## Task statement
Would you mind restating all of the records word for word, skipping the pictures?

## Entries provided

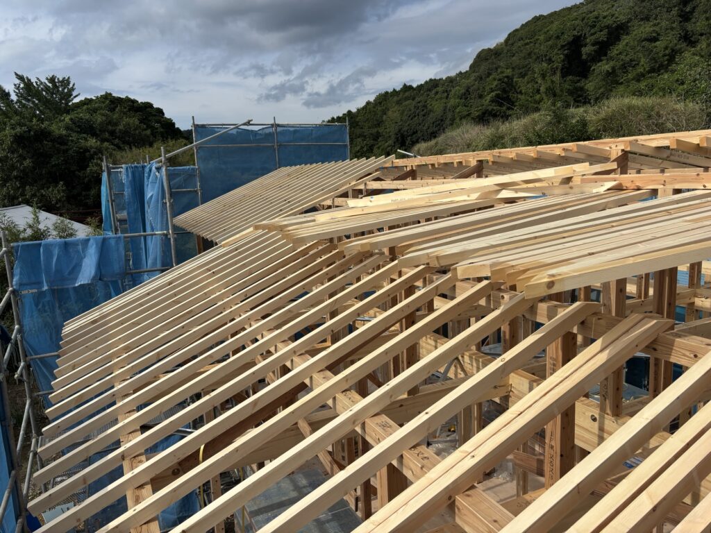 **屋根仕舞い(やねじまい)**とは、建物の屋根部分の骨組みが完成した後、防水や雨仕舞いを目的として屋根を覆う作業のことを指します。棟上げ後の重要な工程であり、家の耐久性や居住性に直結します。
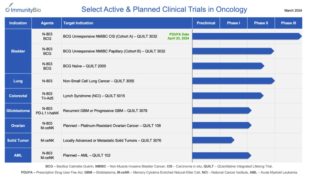 N-803的惊艳数据不止于膀胱癌,从ImmunityBio对其的开发计划看,开发适应症覆盖肺癌、结直肠癌、胶质母细胞瘤、卵巢癌等。
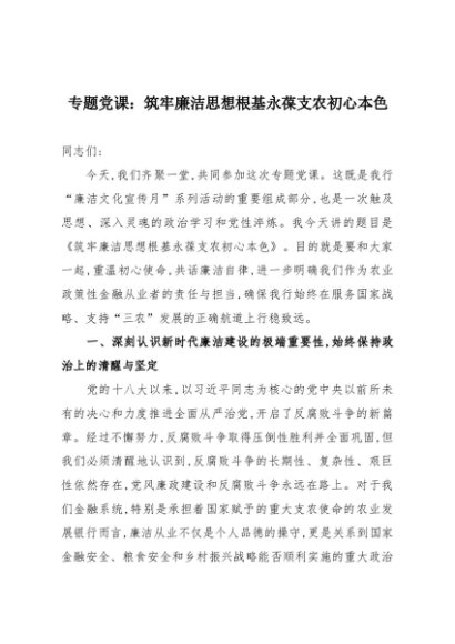 / 【七哥公文】2025年:专题党课:筑牢廉洁思想根基永葆支农初心本色+更多免费公文+VX:QiGeGongWen2024
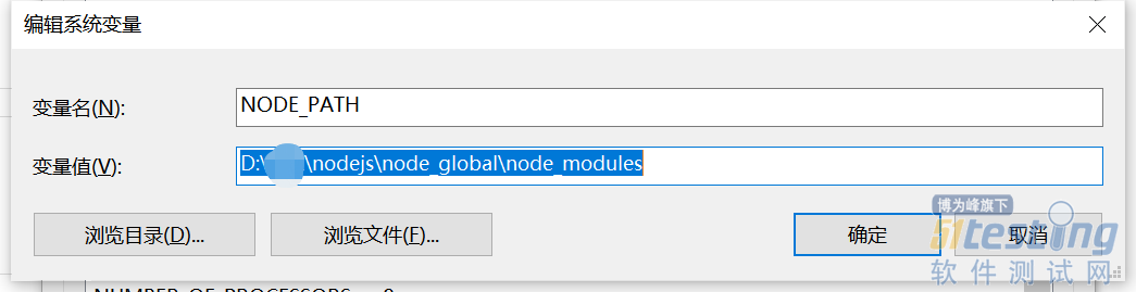 新增系统变量NODE_PATH,变量值为D:nodejs\node_global\node_modules(我安装在了D盘)。
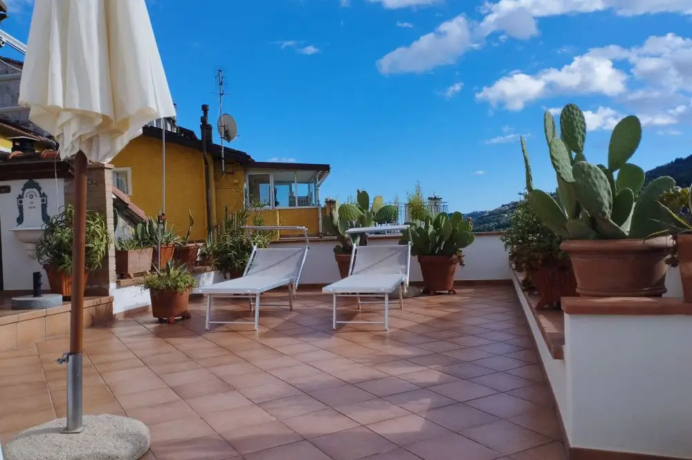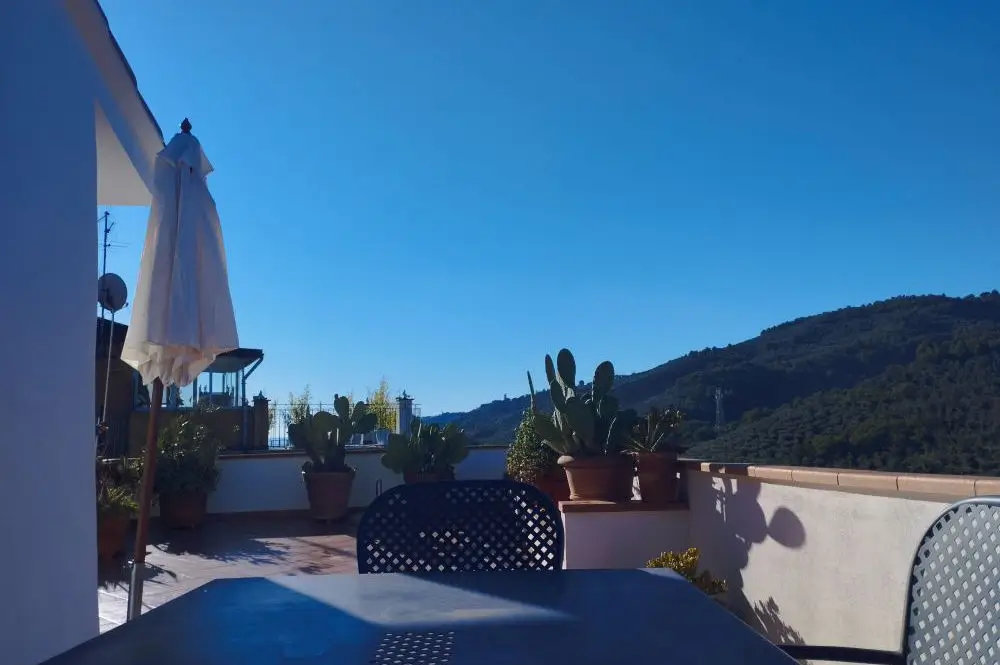 Dazu kommt eine sehr große, wiederum zweistöckige Terrasse mit Meerblick und einem Rundumblick (360 Grad) auf das Tal und auf die ligurischen Seealpen.
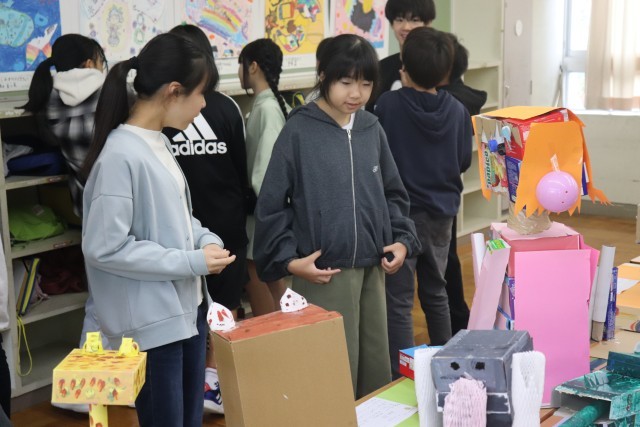 全校で絵画・工作の作品鑑賞をする時間がありました。
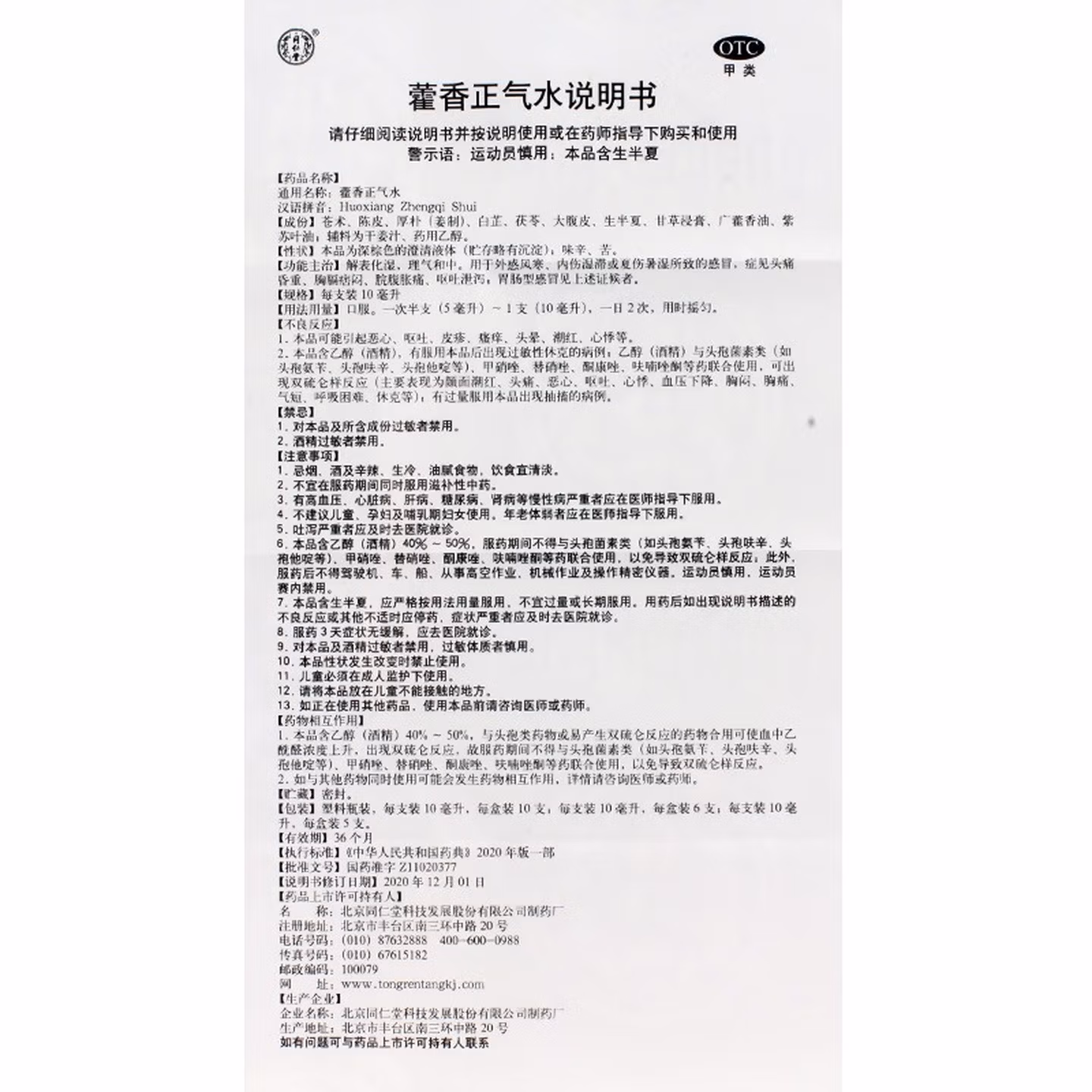 > 同仁堂藿香正气水 10ml*10支/盒
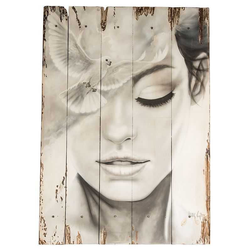Cuadro pintado por Luis GTZ. Artista Plástico, Mujer paloma inspirado en la feminidad de la mujer y su pureza.
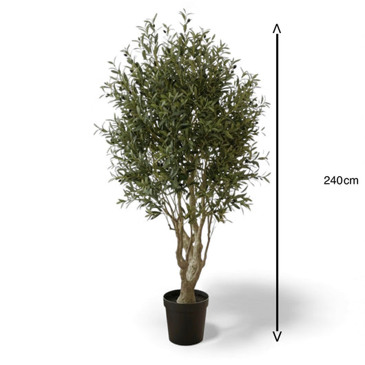 The size 240cm it features realistic green leaves and detailed branches that mimic the beauty of a natural olive tree.
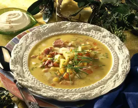 Season with salt, pepper and nutmeg. Remove the knuckle of pork from the bone and cut into small pieces. Wash the chives, cut into small pieces, the rest of the pumpkin into small pieces. Warm all ingredients in the soup, season again and serve.
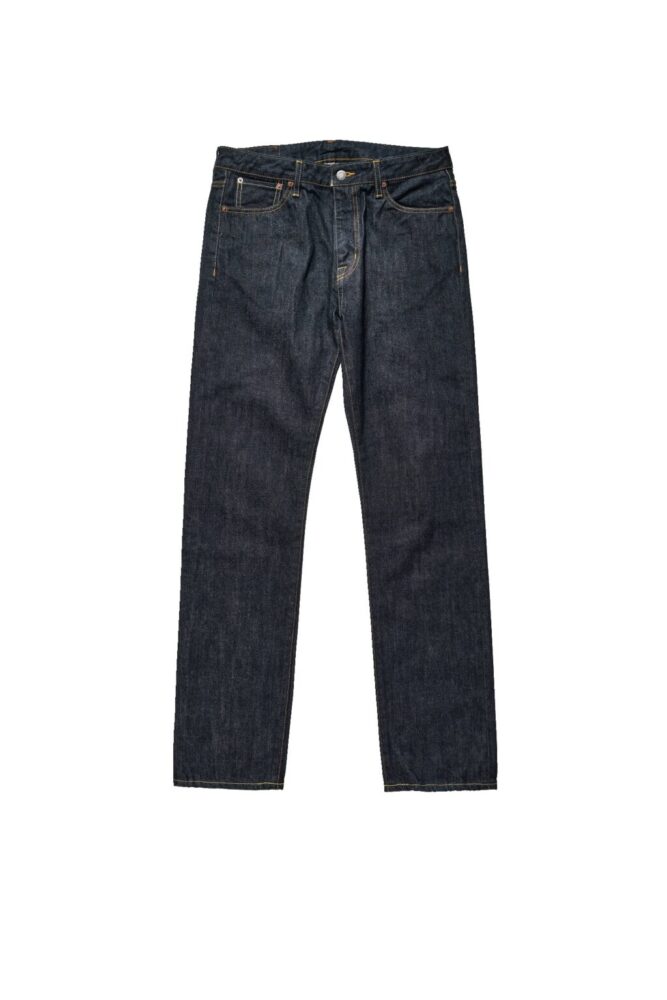14ozのスリムストレート・セルヴィッチデニム。やや厚めの生地でありながら、カーブベルトを採用することでウエスト周りをすっきりと。きれいなシルエットを実現。サイズは31。1万9800円~

## Result of this task
 **屋根仕舞い(やねじまい)**とは、建物の屋根部分の骨組みが完成した後、防水や雨仕舞いを目的として屋根を覆う作業のことを指します。棟上げ後の重要な工程であり、家の耐久性や居住性に直結します。
 N-803的惊艳数据不止于膀胱癌,从ImmunityBio对其的开发计划看,开发适应症覆盖肺癌、结直肠癌、胶质母细胞瘤、卵巢癌等。
 / 【七哥公文】2025年:专题党课:筑牢廉洁思想根基永葆支农初心本色+更多免费公文+VX:QiGeGongWen2024
 新增系统变量NODE_PATH,变量值为D:nodejs\node_global\node_modules(我安装在了D盘)。
 Dazu kommt eine sehr große, wiederum zweistöckige Terrasse mit Meerblick und einem Rundumblick (360 Grad) auf das Tal und auf die ligurischen Seealpen.
 全校で絵画・工作の作品鑑賞をする時間がありました。
 > 同仁堂藿香正气水 10ml*10支/盒
Cuadro pintado por Luis GTZ. Artista Plástico, Mujer paloma inspirado en la feminidad de la mujer y su pureza.
 The size 240cm it features realistic green leaves and detailed branches that mimic the beauty of a natural olive tree.
 Season with salt, pepper and nutmeg. Remove the knuckle of pork from the bone and cut into small pieces. Wash the chives, cut into small pieces, the rest of the pumpkin into small pieces. Warm all ingredients in the soup, season again and serve.
14ozのスリムストレート・セルヴィッチデニム。やや厚めの生地でありながら、カーブベルトを採用することでウエスト周りをすっきりと。きれいなシルエットを実現。サイズは31。1万9800円~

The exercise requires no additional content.